The bonus tracks on the 2004 edition include the Chuck Berry cover "Roll Over Beethoven" and the original song "Crossroader", which were released as the A- and B-sides of a promotional single in December 1971. The latter was later released on Flowers of Evil (1971). Live versions of both tracks appeared on subsequent live releases, such as Mountain Live: The Road Goes Ever On (1972) and Twin Peaks (1974).

== Release ==
Windfall Records released Nantucket Sleighride in January 1971. The album debuted at No. 80, and peaked at No. 16 on the Billboard 200 chart. The album was certified gold by the Recording Industry Association of America (RIAA) on May 26, 1971.

The album artwork was painted by Gail Collins.

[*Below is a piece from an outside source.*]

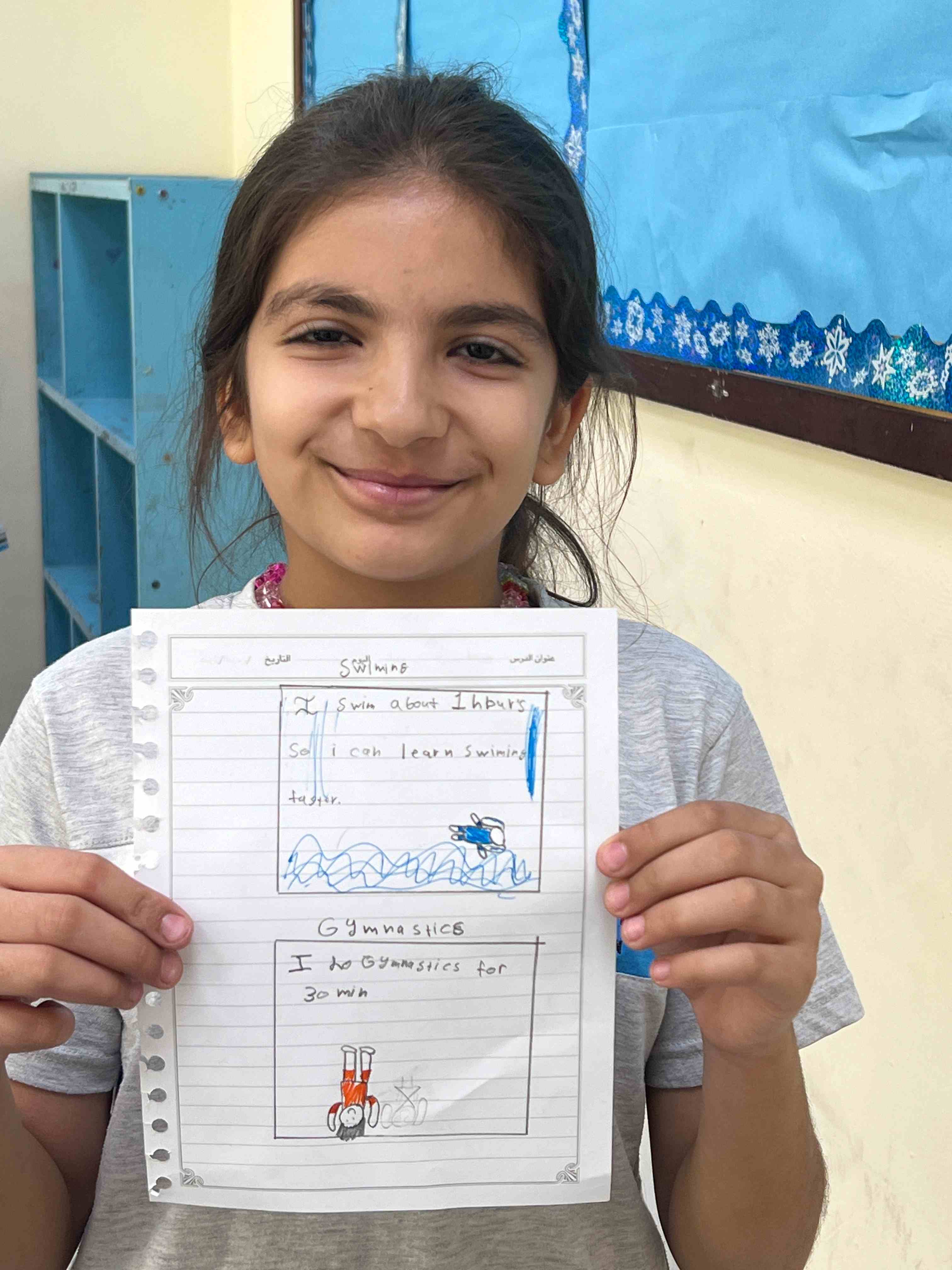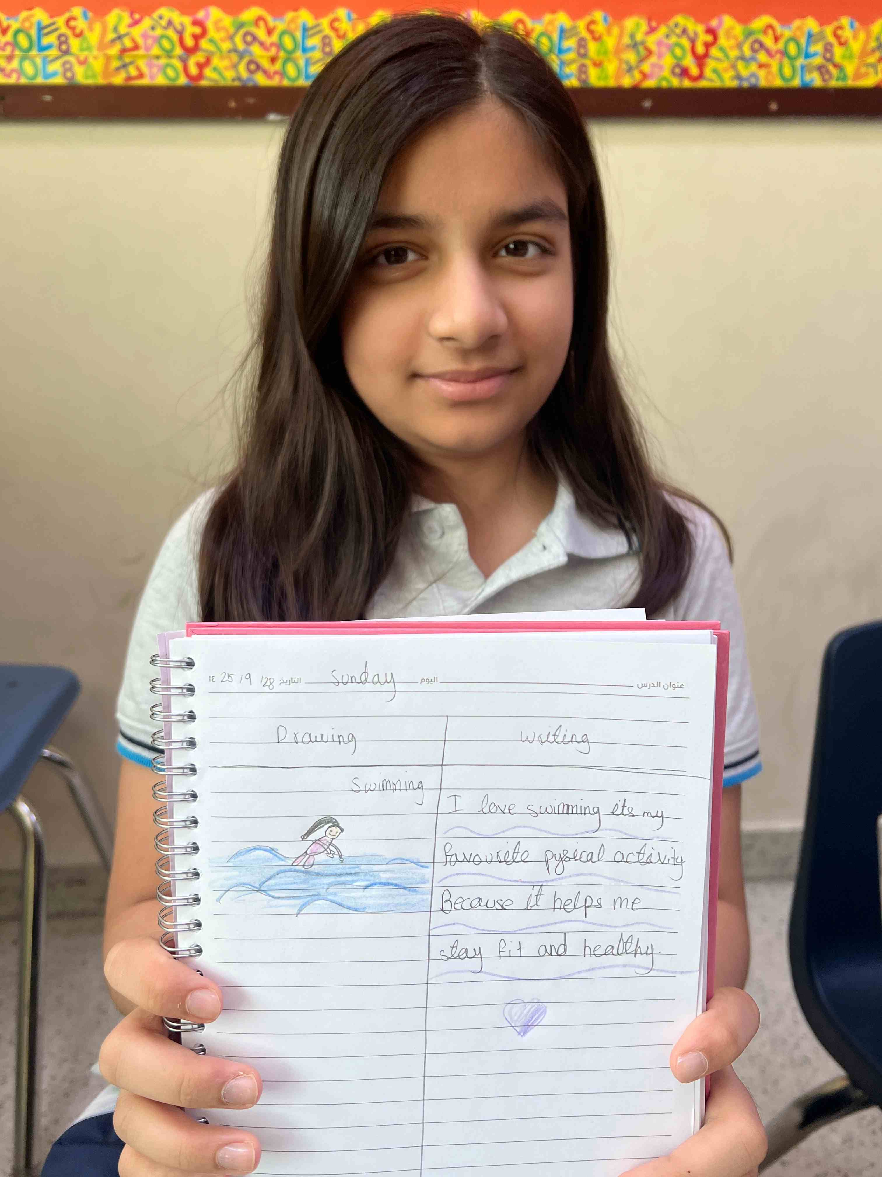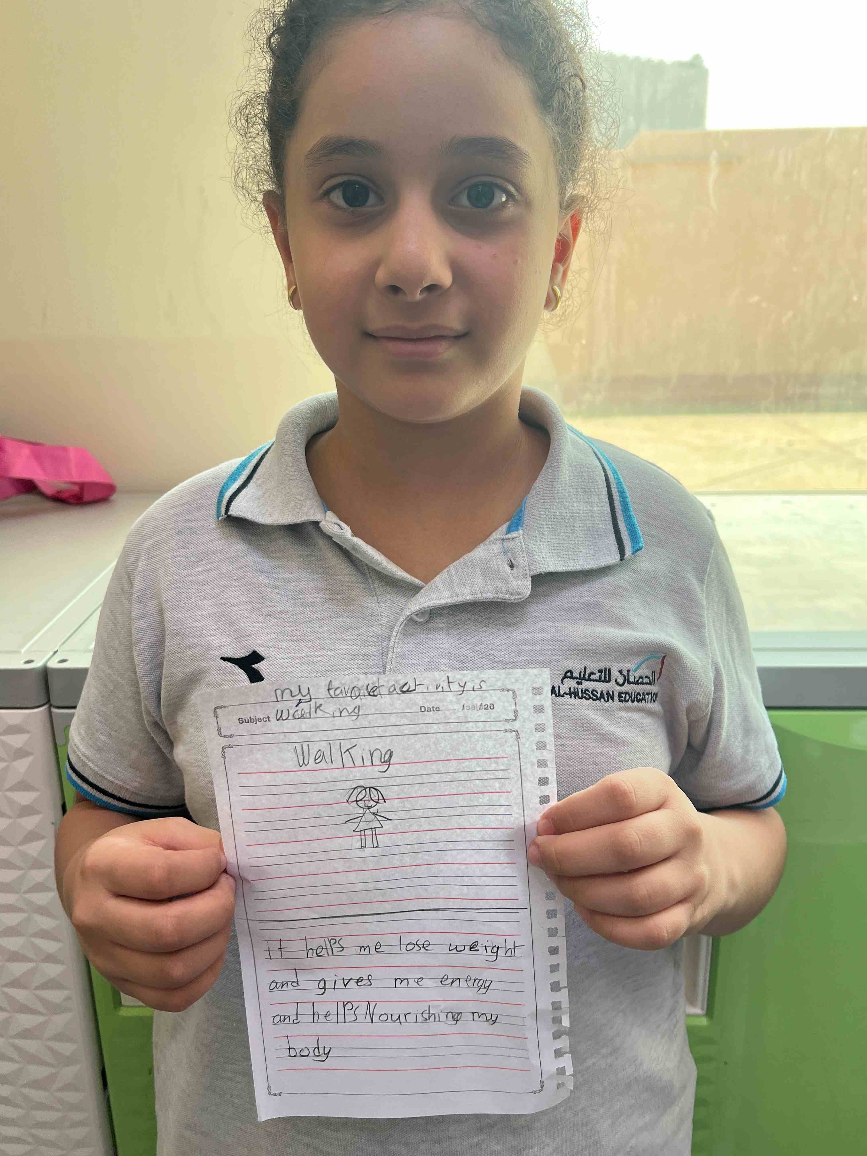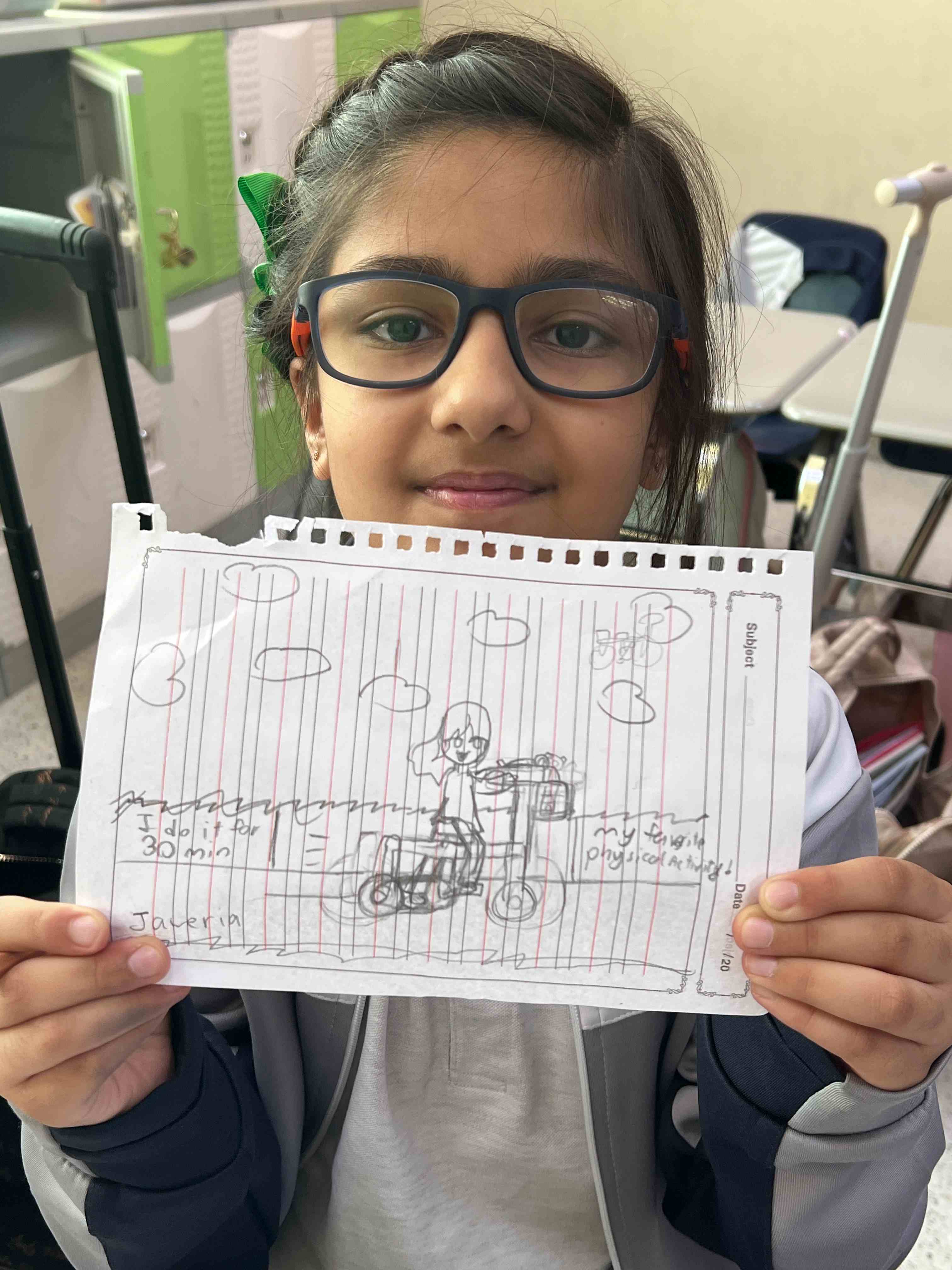 Grade 4 girls wrote and illustrated their favourite physical activities, sharing with excitement how much they enjoy staying active!

"The Animal Trainer and the Toad" was the only single from the album. It was released with "Tired Angels (to J.M.H.)" as the flip side. It debuted at No. 100, and peaked at No. 76 on the Billboard Hot 100 chart.

== Critical reception ==
Nantucket Sleighride was met with much more mixed reviews compared to their debut album.AllMusic's James Chrispell wrote "Not groundbreaking, but it is well worth listening to." John Metzger of The Music Box says that the album "didn’t live up to the promise of the band’s debut." He calls the album a "a solid effort," praising the songs "Don't Look Around," the title track and "The Animal Trainer and the Toad," but says that the rest of the album "rolled by rather unremarkably." Record World writes "The preceding Mountain albums, many will feel, packed more excitement on them, but that is not to say that there won't be much for the Leslie West-Felix Pappalardi-Corky Laing-Steve Knight fans to groove to."

Professional ratings
Review scores
| Source | Rating |
| AllMusic | Star |
| Billboard | (unrated) |
| Cash Box | (unrated) |
| The Music Box | Star |

== Track listing ==

Side one
| No. | Title | Writer(s) | Length |
|---|---|---|---|
| 1. | "Don't Look Around" | Leslie West, Sue Palmer, Felix Pappalardi, Gail Collins Pappalardi | 3:42 |
| 2. | "Taunta (Sammy's Tune)" | Pappalardi | 1:00 |
| 3. | "Nantucket Sleighride (to Owen Coffin)" | Pappalardi, Collins | 5:49 |
| 4. | "You Can't Get Away" | West, Collins, Corky Laing | 3:23 |
| 5. | "Tired Angels (to J.M.H.)" | Pappalardi, Collins | 4:39 |

Side two
| No. | Title | Writer(s) | Length |
|---|---|---|---|
| 1. | "The Animal Trainer and the Toad" | West, Palmer | 3:24 |
| 2. | "My Lady" | Laing, Pappalardi, Collins | 4:31 |
| 3. | "Travellin' in the Dark (To E.M.P.)" | Pappalardi, Collins | 4:21 |
| 4. | "The Great Train Robbery" | West, Laing, Pappalardi, Collins | 5:43 |
| Total length: |  |  | 35:12 |

2004 CD release bonus tracks
| No. | Title | Writer(s) | Length |
|---|---|---|---|
| 10. | "Roll Over Beethoven" | Chuck Berry | 2:59 |
| 11. | "Crossroader" | Pappalardi, Collins | 4:50 |
| 12. | "Travellin' in the Dark (to E.M.P.)" (live) | Pappalardi, Collins | 5:14 |

== Personnel ==

- Leslie West – guitar, vocals
- Felix Pappalardi – bass, vocals, production
- Steve Knight – keyboards
- Corky Laing – drums, percussion

- Additional personnel
- Bud Prager – executive producer
- Bob d'Orleans – recording engineer
- Tom Cachetta – assistant engineer
- Dave Ragno – assistant engineer
- Beverly Weinstein – art direction
- Gail Collins – cover design, painting, photography, visual director, calligraphy
- Mick Brigden – calligraphy

==Charts==

| Chart (1971) | Peak position |
|---|---|
| Australian Albums (Kent Music Report) | 38 |
| Canada Top Albums/CDs (RPM) | 17 |
| UK Albums (Official Charts) | 43 |
| US Billboard 200 | 16 |

==Certifications==

| Region | Certification | Certified units/sales |
| New Zealand (RMNZ) | Gold | 7,500^{^} |
| United States (RIAA) | Gold | 500,000^{^} |
^{^} Shipments figures based on certification alone.